Patients who took the experimental drug, a co-stimulatory blocker called belatacept (LEA29Y), also had better kidney function and experienced less of the toxic side effects associated with standard anti-rejection drugs, including kidney damage, high blood pressure and high cholesterol.
In the August 25 issue of The New England Journal of Medicine, researchers report on the safety and efficacy of belatacept during a randomized phase II clinical study of 218 patients, conducted at 22 centers in the United States, Canada and seven European countries. Flavio Vincenti, MD, of the University of California, San Francisco, and Christian Larsen, MD, of Emory University in Atlanta, were co-principal authors of the study.
The results mark an important step toward proving the value of a new type of treatment based on blocking the immune system's reaction to a transplanted organ without hampering the body's ability to fight diseases and infections, according to Vincenti, clinical professor of medicine and surgery at UCSF and a kidney transplant specialist at UCSF Medical Center.

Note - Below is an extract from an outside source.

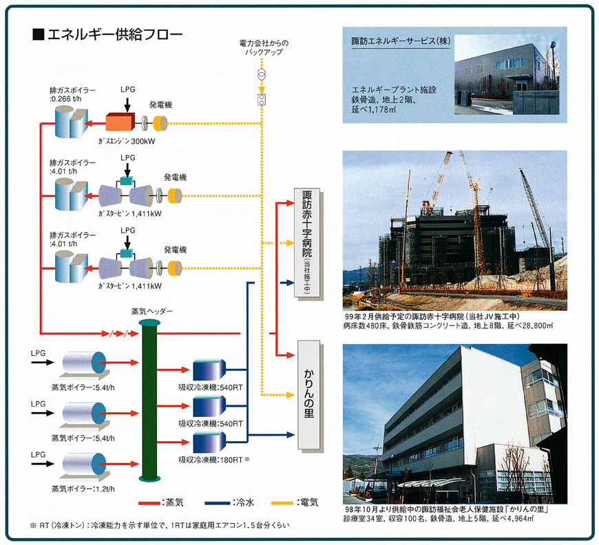 供給プラントは鉄骨造2階建延べ1,178u,発電能力は,ガスエンジン1基・ガスタービン2基をあわせ合計約3,000キロワットである。電力供給先は隣接する老人保健施設と,現在施工中の諏訪赤十字病院で,供給電力は約1,500キロワットである。

"This is the first clinical trial of a treatment for transplant recipients based on this new principle of inducing immune tolerance of the transplanted organ. If belatacept and similar drugs live up to their promise, they will usher in a new paradigm for organ transplantation," Vincenti said. Instead of sending patients home with a collection of medications that must be taken daily to prevent rejection by suppressing the immune system's hostile response to a transplanted organ, Vincenti said he expects his patients to receive an injected immune tolerance treatment a few times a year -- and perhaps to be able to stop taking anti-rejection drugs altogether.